Activity:
Return the records exactly as they appear below, omitting the pictures.
....
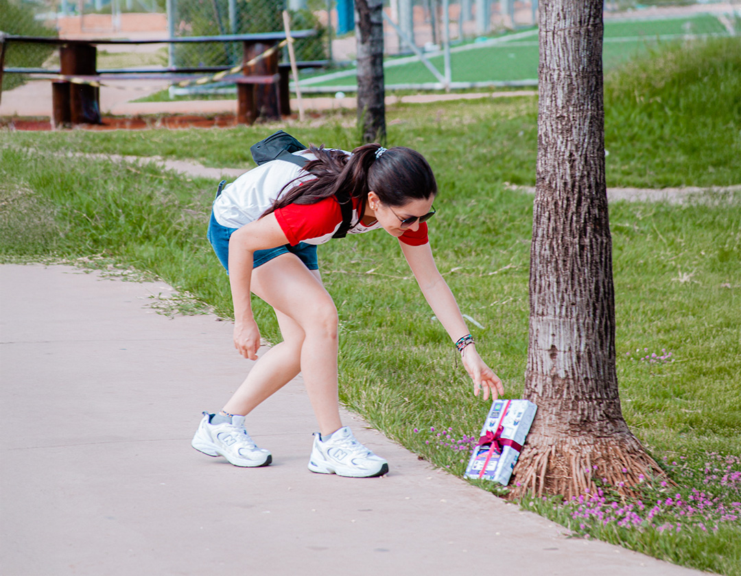 Imagine que você está caminhando e, de repente, encontra um livro embrulhado para presente.
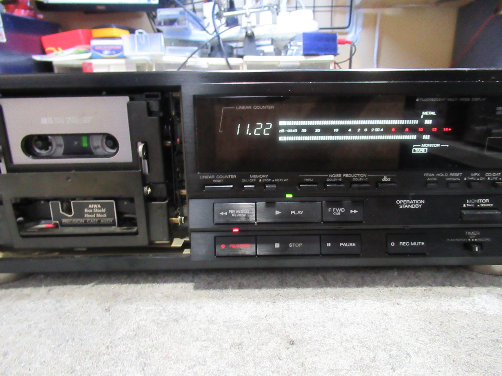 AIWA製EXCELIA XK-009です。 「テープ走行しない」「テープが取り出せなくなった」ということです。ただし、テープはカバーを開けて取り出せたということです。 再生も早送り巻き戻しも「キュー …
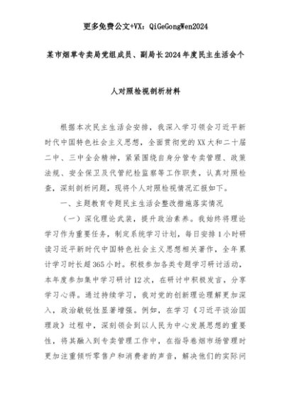 【七哥公文】2025年:某市烟草专卖局党组成员、副局长2024年度民主生活会个人对照检视剖析材料+更多免费公文+VX:QiGeGongWen2024+更多免费公文+VX:QiGeGongWen2024
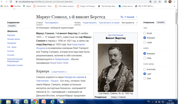 Маркус Сэмюэл, 1-й виконт Берстед (5 ноября 1853 — 17 января 1927), «известный как сэр Маркус Сэмюэл в период с 1898 по 1921 год, а затем как лорд Берстед до 1925 года, был лорд-мэром Лондона и основателем компании Shell Transport and Trading Company, которая впоследствии была реорганизована, включив в себя компанию, базирующуюся в Нидерландах , обычно называемую Royal Dutch Shell . Самуэль родился в семье багдадских евреев в Уайтчепеле , Лондон . Компания M. Samuel & Co. в 1897 году выпустила в Лондоне первый японский золотой заем в фунтах стерлингов и в значительной степени занималась введением муниципальных займов в Японии и развитием угольной торговли в Японии. Он получил образование в Эдмонтоне и Брюсселе , много путешествовал по Азии, прежде чем заняться бизнесом, посетив Цейлон , Стрейтс-Сеттлментс , Сиам , Филиппины , Китай и Японию .
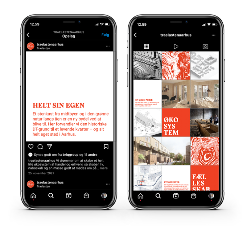 Trælasten is a former industrial plot that used to house the city’s lumberyard, which is now transforming into a new mixed neighborhood with retail, workplaces, housing and culture. BRIQ has developed the area’s urban life and retail strategy as well as the coming community house Åens Hus, and finally BRIQ has developed the area’s visual identity.
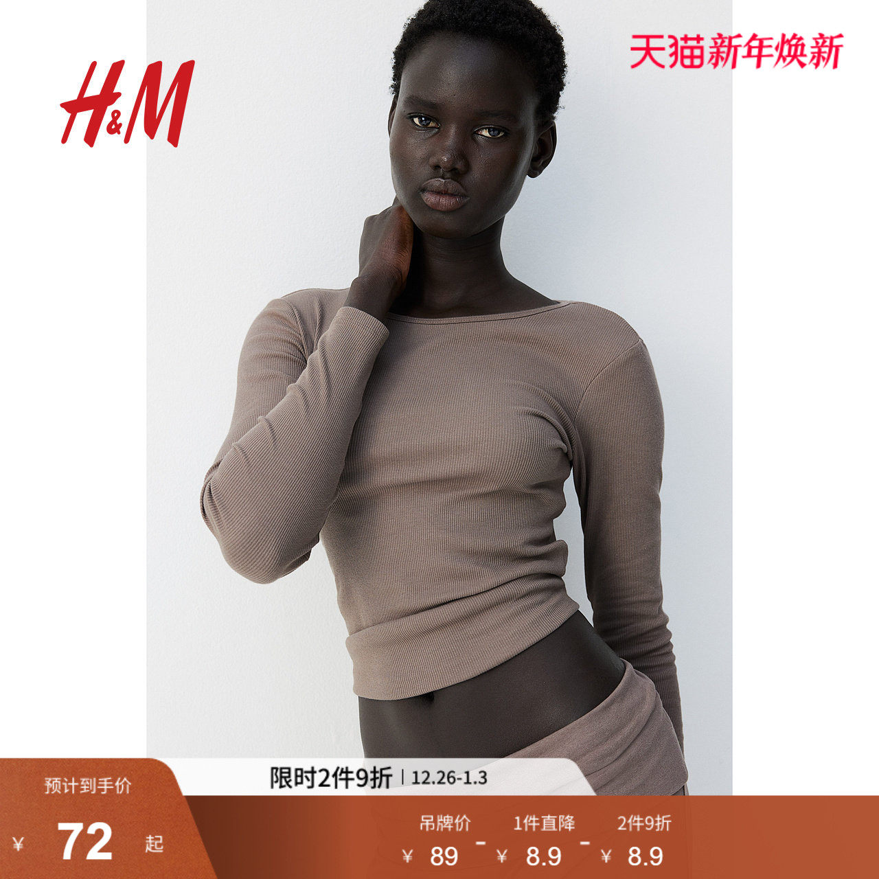 HM女装T恤冬季内搭时尚休闲棉质修身罗纹长袖上衣0996759
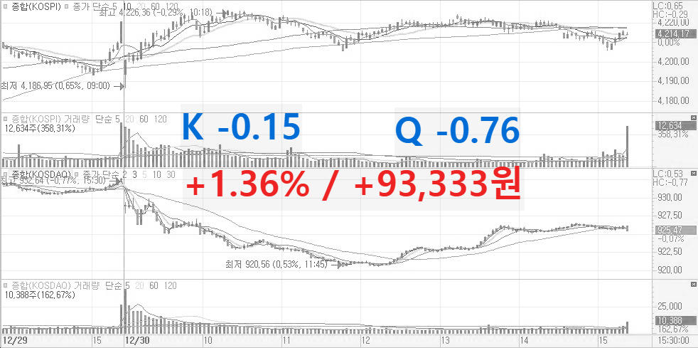 2025년 12월 30일(화) / +1.36% / + 93,333원
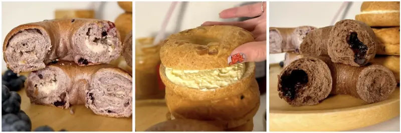 這款是雪莉心目中甜的貝果推薦口味第一名!不只使用藍莓果醬,而是有大顆的野生藍莓果乾,剛出烤箱便能聞到藍莓的天然甜香。中心夾餡滿滿的鮮奶油乾酪搭配藍莓果醬,口感濃郁細膩,帶有藍莓的酸甜與淡淡鹹味。
....
Solution to the exercise:
 Imagine que você está caminhando e, de repente, encontra um livro embrulhado para presente.
 AIWA製EXCELIA XK-009です。 「テープ走行しない」「テープが取り出せなくなった」ということです。ただし、テープはカバーを開けて取り出せたということです。 再生も早送り巻き戻しも「キュー …
 【七哥公文】2025年:某市烟草专卖局党组成员、副局长2024年度民主生活会个人对照检视剖析材料+更多免费公文+VX:QiGeGongWen2024+更多免费公文+VX:QiGeGongWen2024
 Маркус Сэмюэл, 1-й виконт Берстед (5 ноября 1853 — 17 января 1927), «известный как сэр Маркус Сэмюэл в период с 1898 по 1921 год, а затем как лорд Берстед до 1925 года, был лорд-мэром Лондона и основателем компании Shell Transport and Trading Company, которая впоследствии была реорганизована, включив в себя компанию, базирующуюся в Нидерландах , обычно называемую Royal Dutch Shell . Самуэль родился в семье багдадских евреев в Уайтчепеле , Лондон . Компания M. Samuel & Co. в 1897 году выпустила в Лондоне первый японский золотой заем в фунтах стерлингов и в значительной степени занималась введением муниципальных займов в Японии и развитием угольной торговли в Японии. Он получил образование в Эдмонтоне и Брюсселе , много путешествовал по Азии, прежде чем заняться бизнесом, посетив Цейлон , Стрейтс-Сеттлментс , Сиам , Филиппины , Китай и Японию .
 Trælasten is a former industrial plot that used to house the city’s lumberyard, which is now transforming into a new mixed neighborhood with retail, workplaces, housing and culture. BRIQ has developed the area’s urban life and retail strategy as well as the coming community house Åens Hus, and finally BRIQ has developed the area’s visual identity.
 HM女装T恤冬季内搭时尚休闲棉质修身罗纹长袖上衣0996759
 2025년 12월 30일(화) / +1.36% / + 93,333원
 這款是雪莉心目中甜的貝果推薦口味第一名!不只使用藍莓果醬,而是有大顆的野生藍莓果乾,剛出烤箱便能聞到藍莓的天然甜香。中心夾餡滿滿的鮮奶油乾酪搭配藍莓果醬,口感濃郁細膩,帶有藍莓的酸甜與淡淡鹹味。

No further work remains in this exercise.